The film had personal meaning for Chaplin as it contained numerous references to his life and family: the theatre where he and Bloom performed in the film was the same theatre where his mother gave her last performance; Bloom was directed by Chaplin to wear dresses similar to those his mother used to wear; Chaplin's sons and his half-brother all had parts. Bloom states that she felt one of the reasons she got the part was because she closely resembled his young wife, Oona O'Neill. In his autobiography, Chaplin writes that he had no doubt the film would be a success: "I had fewer qualms about its success than any picture I had ever made." Chaplin explains his decision to make Bloom co-star despite this being her first film:

She was subsequently featured in a number of "costume" roles in films such as Alexander the Great (1956), The Brothers Karamazov (1958), The Buccaneer (1958), and The Wonderful World of the Brothers Grimm (1962).
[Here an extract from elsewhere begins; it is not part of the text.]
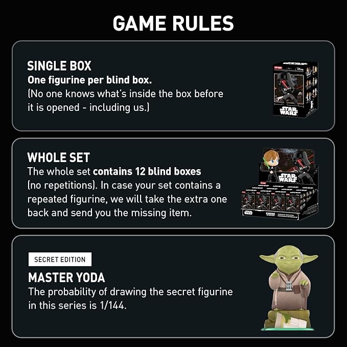 - POP MART Star Wars Series Figures: The blind box contains a random figure from a specific series. Each blind box only contains one figure. No one, including us, knows what's inside. This collection contains 12 blind box figures, one of them might be the secret edition.

Bloom also appeared in Laurence Olivier's film version of Richard III (1955), in which she played Lady Anne, Ibsen's A Doll's House (1973) for which she won Best Actress award at Taormina International Film Festival, The Outrage (1964) with Paul Newman and Laurence Harvey, as well as the films Look Back in Anger (1959) and The Spy Who Came in from the Cold (1965), both with Richard Burton. Of Bloom's character in Spy, novelist David Plante writes that "Claire's refined beauty appears to be one with the refinement of a culture she represents as an actress."

In the 1960s she began to play more contemporary roles, including an unhinged housewife in The Chapman Report, a psychologist opposite Cliff Robertson's Oscar-winning role in Charly, and Theodora in The Haunting. She also appeared in the Woody Allen films Crimes and Misdemeanors (1989) and Mighty Aphrodite (1995). She appeared in the Sylvester Stallone film Daylight (1996). She played Hera in Clash of the Titans. Laurence Olivier played Zeus, her husband; she had also played his wife, Queen Anne in Richard III (1955). Her most recent appearances in films were her portrayal of Queen Mary in the 2010 Oscar winning British film The King's Speech and her portrayal of Eva Rose opposite Jerry Lewis in the 2016 film Max Rose.

Television
Bloom has appeared in numerous roles on television such as her portrayal of Lady Marchmain in Brideshead Revisited (1981). In 1996, she wrote, "I still find it puzzling when I am told I played a manipulative and heartless woman; that is not how I saw her. Lady Marchmain is deeply religious, and her dilemma includes trying to raise a wilful brood of children on her own, while instilling them with her rigid observance of the Catholic code. Sebastian is both an alcoholic and a homosexual, and from her point of view, he lives in a state of mortal sin. She has to fight for his soul by any means in her power, with the knowledge that her efforts may lead to his destruction. A born crusader, the Marchioness confronts her difficult choices head on; her rigidity of purpose, which I don't in any way share, is understandable in context. The aspect that rings most true is her sense of being an outsider, a Catholic in Protestant England. Not such a leap from being a Jew in Protestant England as one would imagine."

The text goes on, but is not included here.